What are they guys thinking?
You had a guy come to your house? On a first meet? I hope this is something you no longer do, for safety reasons!
Sheri
Until you've met (online connections in general, not this guy) and some kind of real life interaction begins, it's a mistake to fall into that trap of having any expectations at all. People disappear for a many number of reasons and it usually has nothing to do with you.
Why not just take him off your own list if it bothers you to see him? You can't control HIS actions, but you can control yours. Unless you block him, he can always get back in touch with you, so you won't be missing out on anything except the stress.
Sheri
Well, we talked online again the other night. Apparently he has been super busy with work (has been working longer hours), and not even getting online here lately. He's also a single Dad with 2 young (13, 15) teenage boys. Maybe I expect too much too soon from men in general. I just thought it was odd that we went for several days without any communication from him. Maybe I am always bracing myself for a fall or disappointment. That is what happens when you've been let down as many times as I have.

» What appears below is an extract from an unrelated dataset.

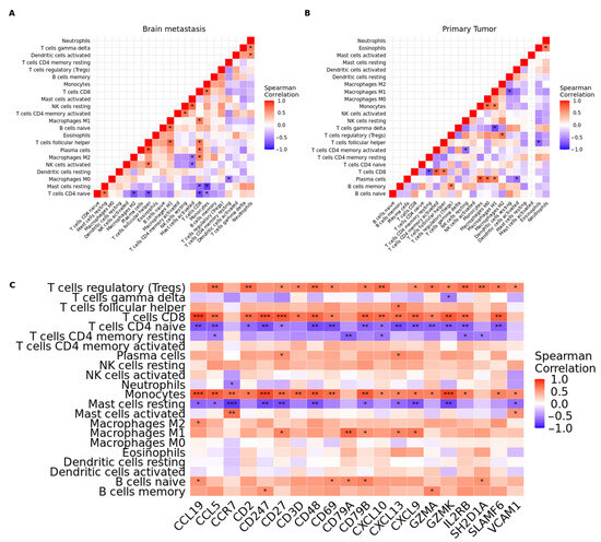Correlation matrix of all 22 immunological proportions. (A) Brain metastasis. (B) Primary tumor. * represents significant correlations (p < 0.05). (C) Correlation plot (Spearman correlation coefficients) of ‘hub’ gene expression and proportion of infiltrating immune cells in brain metastasis. Colors in the heatmap indicate the strength of the correlation. Asterisks indicate the level of significance (* p < 0.05, ** p < 0.01, *** p < 0.001).

However, I am going to remove two others guys from my list who are no longer "options" for me. Even if the one guy I had hoped would contact me eventually does, it is much too late and I'd run the risk of him "bailing" a third time. Not going to chance it.
Mitsy, you're in your 40s, correct (I apologize if I'm confusing you with someone else)? I would really urge you to stop IM'ing people...my experience is that men in our age group who are into IM'ing are NOT really interested in actually *dating*...they either want notches on their belt or they just want to chat.
You may have better luck if you keep interaction to email or phone (or real life, best of all).
Sheri
Edited 10/27/2005 10:09 am ET by mitsy2
Well, that's just my point...even with OLD, it's NOT the norm, at least among men in our age group who are sincere about taking it to real life and actually dating. I don't IM, and I still find people from OLD sites to date. Since I stopped IM'ing, my ratio of emails to meets has become MUCH higher. I think it weeds out at least some of the players and most of the "looky loos".
I would just say no when someone wants to add you to his buddy list...keep it to email and then move to the phone and/or real life.